Session about how Offline First can save the world at Offline Camp in Santa Margarita, California

There are many vital use cases for an Offline First approach to app development. People without reliable internet access are unable to participate in online communities and discourse. There are researchers and scientists who are making great discoveries but need better systems to be able to share these large data sets. When a disaster strikes, people need to use technology to find the help they desperately need. And lastly there are those hidden communities who must find a way to defend their rights to their land and their wellbeing to secure their own future. This is all where Offline First comes into play.

Social Media

Facebook is a great example of an online service that can unite communities and is working to do a better job at reaching users with limited connectivity. Jesse Beach is an engineer at Facebook who specializes in accessibility, and you can read about Jesse’s biggest takeaway from Offline Camp. (Hint: her biggest takeaway was inspired by our session on Design Patterns.) During the “Save the World” session at Offline Camp she said that there are 1.7 billion people on Facebook.

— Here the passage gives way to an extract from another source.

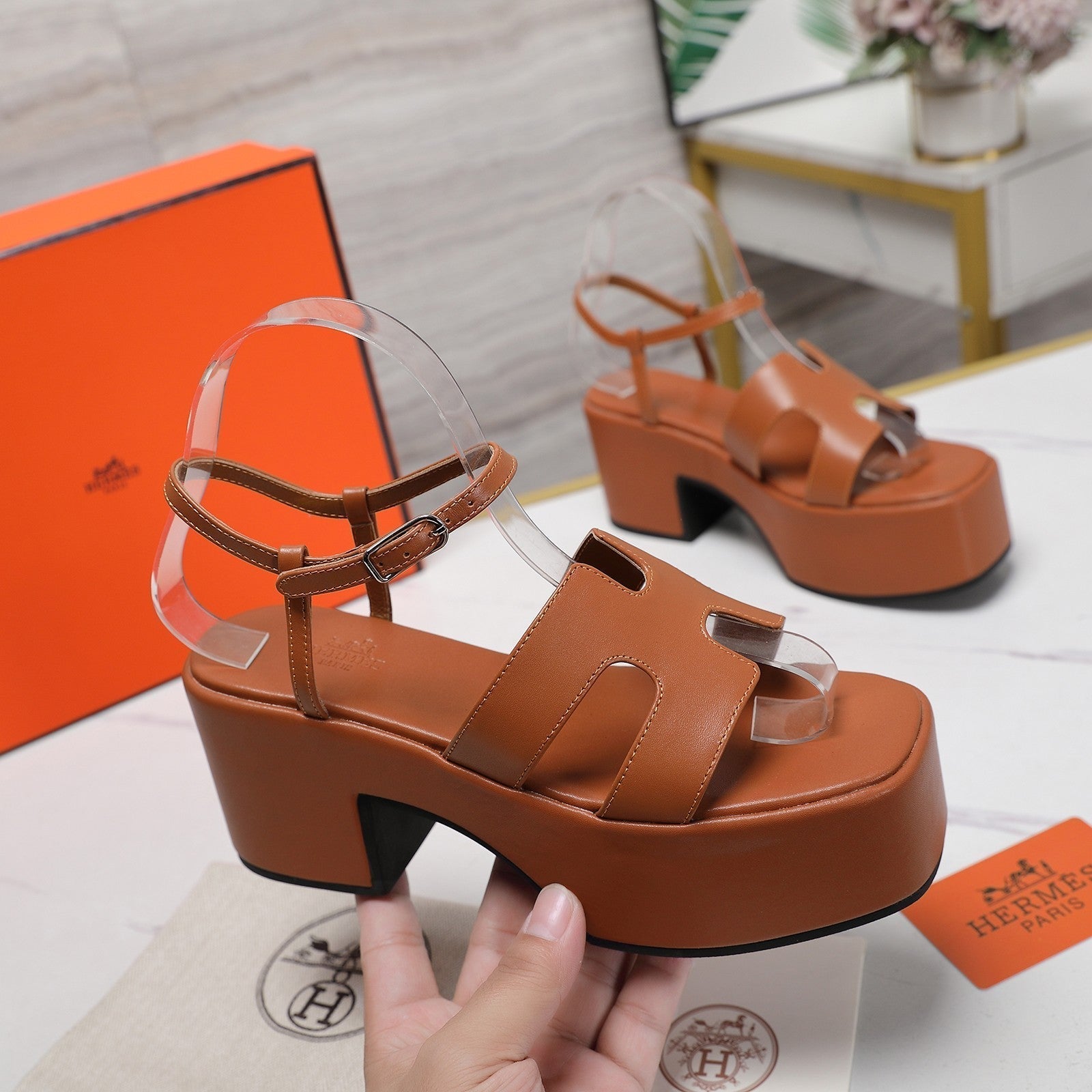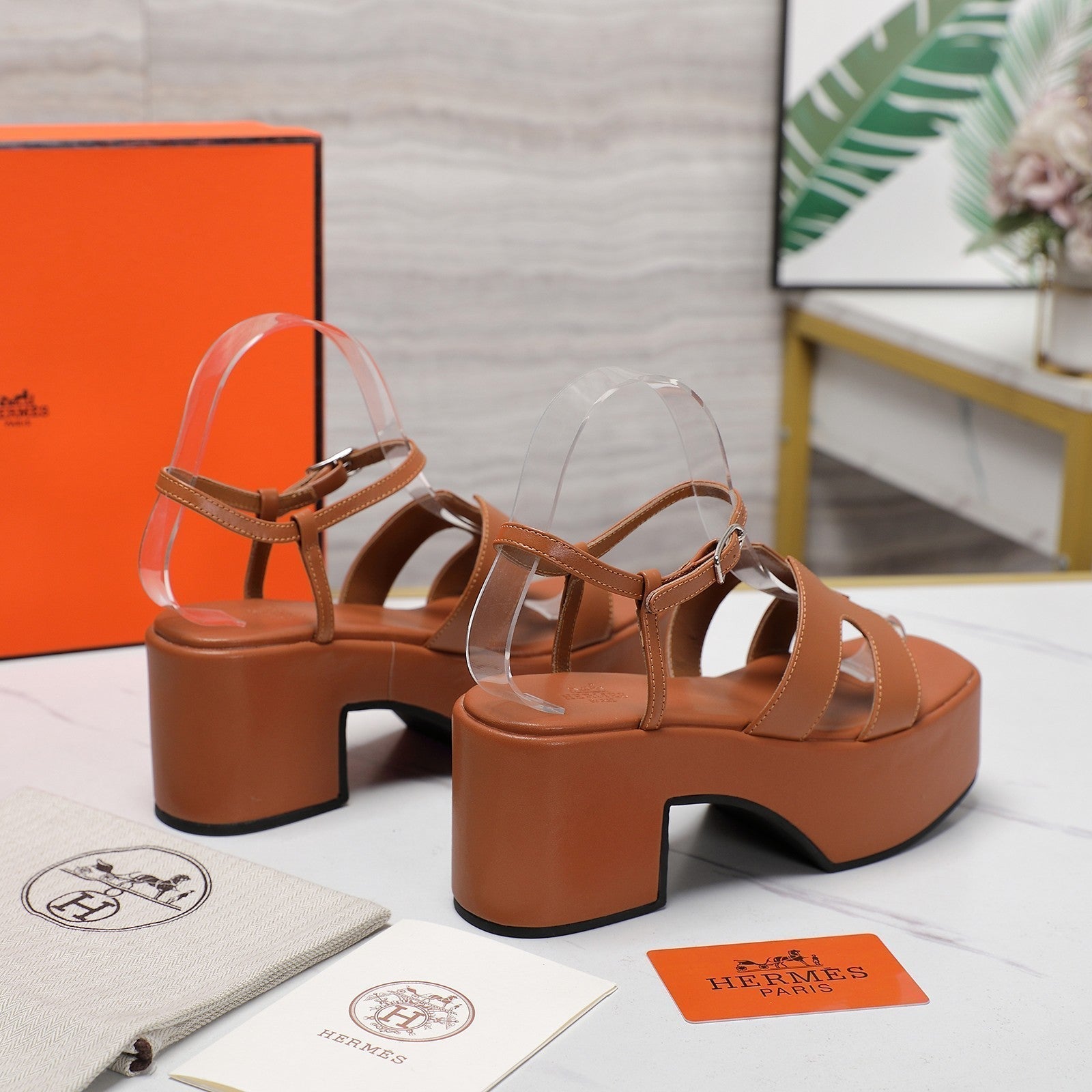 HM 25 Oran Sandal Brown Calfskin White Thread Embroidery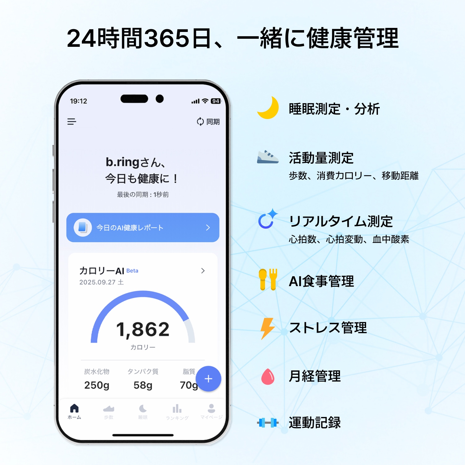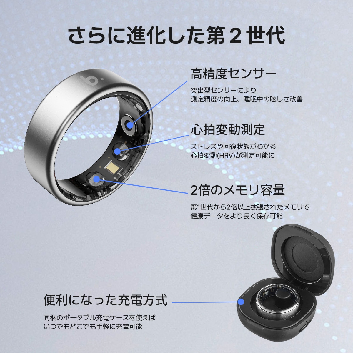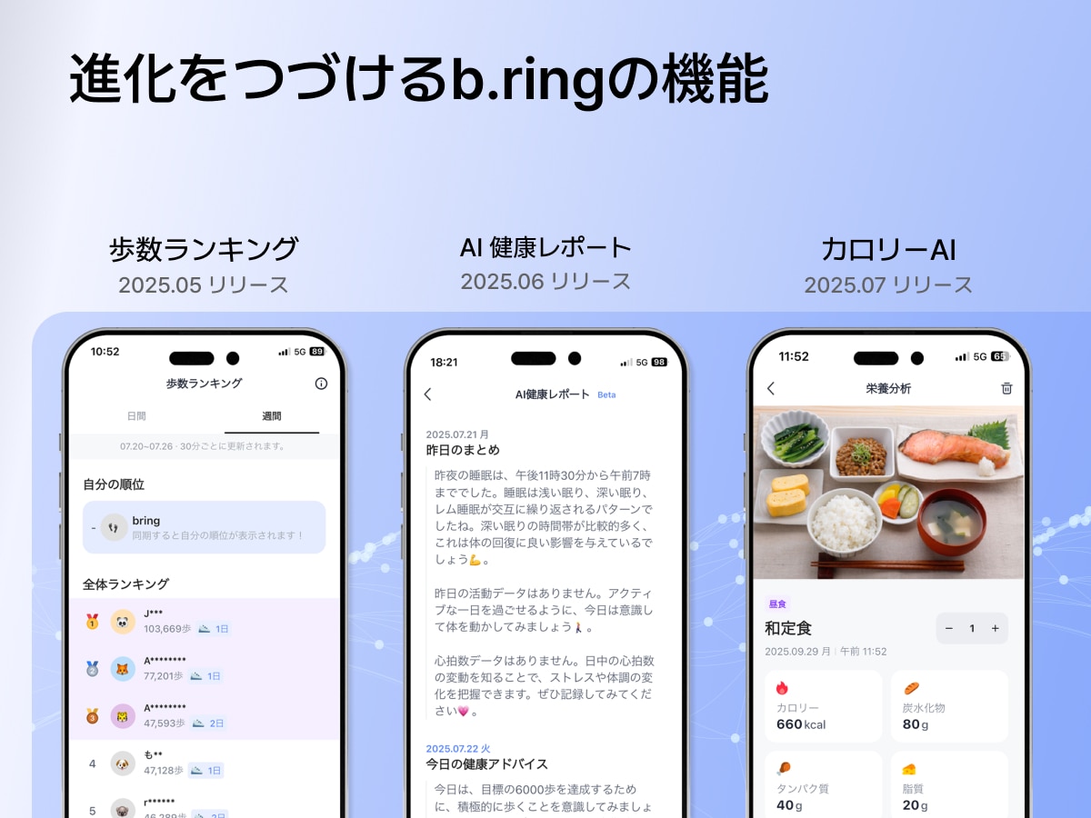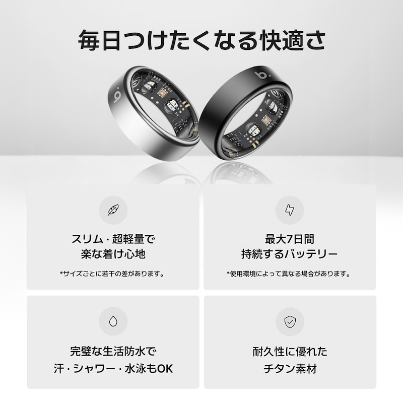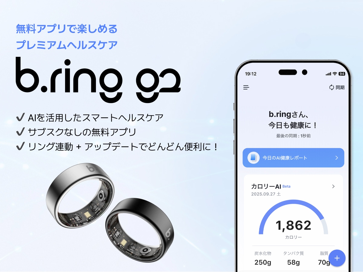 スマートリング「b.ring」は、指輪型のウェアラブルデバイスとしてスマートフォンと連携し、健康管理機能を備えております。

Roughly, this leaves 6 billion people around the world who are left out.

Aquila’s first flight.

Facebook is making strides in reaching their offline users, even going so far as to bringing the internet to them with their Aquila project, which is a solar-powered plane designed to reach potential users who live without data connectivity in remote parts of the world. Aircraft such as this could potentially be deployed to disaster affected areas to provide life-saving communication to the outside world.

Academia

Academic researchers must retain massive amounts of collected journal articles and data but run into big problems when they need to share this work with others. They have way too much data to be able to share it via applications like Google Drive or Dropbox, but the functionality of those applications is enticing to them. Not long ago a solution was built out of Stanford University Libraries for preserving academic journal articles, called LOCKSS, which stands for “Lots of Copies Keep Stuff Safe.” The LOCKSS Program provides libraries and publishers with award-winning, low-cost, open source digital preservation tools to preserve and provide access to persistent and authoritative digital content. But it lacks the ease of use and quick sharing functionality of applications like Dropbox. Max Ogden had the idea to take an Offline First approach to digital preservation by building Dat Project. This tool allows researchers to easily share huge data sets and is optimized for speed, simplicity and ensuring data is securely stored. This application keeps vital research data safe and allows it to be shared across an Offline First network to other researchers.

Disaster Response

eHealth Africa

When the Ebola outbreak in Africa reached epidemic levels, NGOs employed developers to build applications that could get life-saving information to affected communities fast. Gregor Martynus met the people behind eHealth Africa by sheer chance. They happened to start working in the same coworking space in Berlin where he worked and after getting to know them Gregor began contributing to their project. A Net Magazine story outlines the design of eHealth Africa, a health resources application designed to be Offline First to battle zero data connectivity and spotty WiFi access. eHealth Africa brings “new approaches to the development of people centric and data driven technology solutions that connect and deliver better public health services for vulnerable communities.” The eHealth dev team chose CouchDB as the database because it is designed with distributed systems in mind, where a local database is contained in each device. It became the backend too, as CouchDB provides a system for synchronizing changes between multiple copies of the same database record. Pairing this with PouchDB provides a JavaScript database on the frontend that can store data locally while offline. This way, when cases of Ebola were reported, this vital information was not lost and could be synced back to eHealth Africa whenever the CouchDB backend got back online.

Activism

Hack the Rainforest was an event in the summer of 2016 which brought together indigenous activists, technologists, designers, and civil society partners to build solutions to defend conservation and indigenous sovereignty in Guyana, South America. Across Latin America and in rainforests around the globe, indigenous people face multiple threats, including water contamination, deforestation, and illegal land seizures. When a community stands up to defend their land, but can’t describe or prove exactly what is or isn’t theirs, they have a difficult if not impossible time navigating the political and legal channels that are supposed to serve them. Digital Democracy supports marginalized communities around the world in documenting and responding against illegal land grabs, deforestation, water pollution, etc. Offline First applications would lessen their dependency on vulnerable sources of photo storage, and allow them to get necessary information out so they will be able to defend their rights.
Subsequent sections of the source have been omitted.